When adjusted for inflation, the governor’s Fiscal 2022 budget would cut funding for state-operated group homes  by somewhat less than 1% from the current fiscal year. The Wrentham and Hogan centers would similarly see their funding cut in Fiscal 2022 by a total of $2.1 million. Since Fiscal 2012, funding for the developmental center line item will have been cut by 32%.

The joint letter stated that the ongoing under-funding of state-run DDS programs has resulted in the increasing privatization of those programs and services.

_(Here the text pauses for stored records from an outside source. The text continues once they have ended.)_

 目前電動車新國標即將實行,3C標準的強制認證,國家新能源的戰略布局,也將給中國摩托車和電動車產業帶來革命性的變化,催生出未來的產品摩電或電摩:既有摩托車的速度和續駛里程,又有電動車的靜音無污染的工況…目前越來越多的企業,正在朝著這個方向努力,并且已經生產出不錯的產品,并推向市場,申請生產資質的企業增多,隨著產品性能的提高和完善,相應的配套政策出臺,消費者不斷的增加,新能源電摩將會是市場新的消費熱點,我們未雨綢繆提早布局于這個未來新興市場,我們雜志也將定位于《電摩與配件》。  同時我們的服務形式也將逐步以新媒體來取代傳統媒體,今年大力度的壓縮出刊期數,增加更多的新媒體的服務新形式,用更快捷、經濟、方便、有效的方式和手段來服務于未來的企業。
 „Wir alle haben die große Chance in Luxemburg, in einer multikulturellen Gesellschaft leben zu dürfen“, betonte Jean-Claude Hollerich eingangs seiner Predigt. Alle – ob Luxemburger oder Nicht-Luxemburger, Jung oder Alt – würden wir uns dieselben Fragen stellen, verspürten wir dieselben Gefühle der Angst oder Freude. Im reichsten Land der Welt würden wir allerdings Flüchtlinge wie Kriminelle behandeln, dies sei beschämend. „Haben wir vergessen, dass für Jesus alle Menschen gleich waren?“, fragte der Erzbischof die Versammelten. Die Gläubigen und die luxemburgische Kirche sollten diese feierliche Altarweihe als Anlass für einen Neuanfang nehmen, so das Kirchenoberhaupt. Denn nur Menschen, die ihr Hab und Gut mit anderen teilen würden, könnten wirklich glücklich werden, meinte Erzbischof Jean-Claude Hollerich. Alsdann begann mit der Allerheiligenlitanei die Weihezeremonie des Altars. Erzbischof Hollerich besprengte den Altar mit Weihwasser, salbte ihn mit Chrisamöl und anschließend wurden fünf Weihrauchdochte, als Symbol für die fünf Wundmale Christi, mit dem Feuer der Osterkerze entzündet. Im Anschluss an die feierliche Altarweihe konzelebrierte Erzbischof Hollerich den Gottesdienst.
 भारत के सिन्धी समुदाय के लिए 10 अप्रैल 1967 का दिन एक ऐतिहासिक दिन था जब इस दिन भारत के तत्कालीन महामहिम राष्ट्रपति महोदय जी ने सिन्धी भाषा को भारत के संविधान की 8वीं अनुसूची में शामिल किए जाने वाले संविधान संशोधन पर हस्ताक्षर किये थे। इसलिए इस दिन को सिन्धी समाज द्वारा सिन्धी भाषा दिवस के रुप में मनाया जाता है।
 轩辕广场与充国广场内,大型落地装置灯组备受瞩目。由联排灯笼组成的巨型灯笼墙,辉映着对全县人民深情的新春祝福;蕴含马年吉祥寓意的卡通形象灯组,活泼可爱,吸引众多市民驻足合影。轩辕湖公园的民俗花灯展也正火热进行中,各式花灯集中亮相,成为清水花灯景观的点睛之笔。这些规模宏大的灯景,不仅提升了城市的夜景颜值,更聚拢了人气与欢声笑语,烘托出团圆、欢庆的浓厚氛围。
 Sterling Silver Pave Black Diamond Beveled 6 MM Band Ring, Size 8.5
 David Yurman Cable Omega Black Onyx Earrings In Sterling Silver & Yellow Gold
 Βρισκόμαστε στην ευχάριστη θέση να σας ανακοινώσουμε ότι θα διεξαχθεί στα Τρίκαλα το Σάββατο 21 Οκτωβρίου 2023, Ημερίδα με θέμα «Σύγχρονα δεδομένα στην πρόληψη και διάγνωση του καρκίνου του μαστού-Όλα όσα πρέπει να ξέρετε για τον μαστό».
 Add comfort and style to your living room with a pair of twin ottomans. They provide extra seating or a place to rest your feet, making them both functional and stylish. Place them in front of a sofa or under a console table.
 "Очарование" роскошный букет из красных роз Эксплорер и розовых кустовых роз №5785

Massachusetts State Auditor Suzanne Bump’s office reported in 2019 that while the resulting boost in state funding for privatized care produced surplus revenues for corporate providers, those additional revenues led to only minimal increases in wages for direct-care workers.

Disparity in care

The joint letter stated that In 1993, then U.S. District Court Judge Joseph L. Tauro  ordered that ICFs in Massachusetts not be closed unless it was certified that each resident would receive equal or better care elsewhere. Judge Tauro was bringing an end to a landmark consent decree (Ricci v. Okin), which had resulted in major upgrades in care and services in the DDS system.

As the years went on, however, the promise of equal or better care in the community was not realized. Deinstitutionalization has turned out to be fraught with problems for people with I/DD just as it has for people with mental illness.

In testimony in 2018 to the state Legislature’s Children, Families, and Persons with Disabilities Committee, Nancy Alterio, executive director of the Massachusetts Disabled Persons Protection Commission (DPPC), stated that abuse and neglect in the DDS system had increased 30 percent in the previous five years, and had reached epidemic proportions.

Yet many advocates for corporate providers, such as the Arc of Massachusetts, have pushed for decades for complete deinstitutionalization and for additional privatization of services for people with I/DD. They have been joined by administrations at the state and national levels, which have continually made state-run care and services targets for closure and outsourcing to contracted providers.

Since 2009, the U.S. Justice Department has filed, joined, or participated in lawsuits around the country to close ICFs regardless of whether the residents or their families or guardians wanted to close the facilities they were living in or not.

Olmstead did not call for the closure of ICFs

The late U.S. Supreme Court Justice Ruth Bader Ginsburg wrote the majority opinion in the Olmstead case (referred to above). The decision has continued to be mischaracterized as advocating or requiring the end of institutional care. It didn’t. Justice Ginsburg wrote a balanced decision that “supports both the right to an inclusive environment and the right to institutional care, based on the need and desires of the individual.”

The incestuous nature of the privatized system

The closures of ICFs around the country and the rise of the privatized system of care have provided financial windfalls for politically connected corporate contractors. Their executives have garnered large increases in their personal compensation, but have frequently neglected to pass through the  higher levels of state funding to direct-care workers. That is one of the reasons for the epidemic of abuse and neglect in the corporate provider-based system of care.

In 2015, COFAR calculated that more than 600 executives employed by corporate human service providers in Massachusetts received some $100 million per year in salaries and other compensation. By COFAR’s calculations, state taxpayers were on the hook each year for up to $85 million of that total compensation.

What we are asking for

The COFAR-AFSCME letter asked for Senator Warren’s support in achieving the following goals:

  • Parity in public-sector funding for ICFs and other state-run services with funding for privatized services. The letter suggested that an increase in the federal Medicaid match for HCBS should be matched by an increase in matching funding for ICFs. For example, a 10-percentage point increase in the federal match (FMAP) for ICFs would be roughly $1 billion nationwide. 
  • Ensuring a dedicated funding stream for state-operated group homes for individuals with I/DD.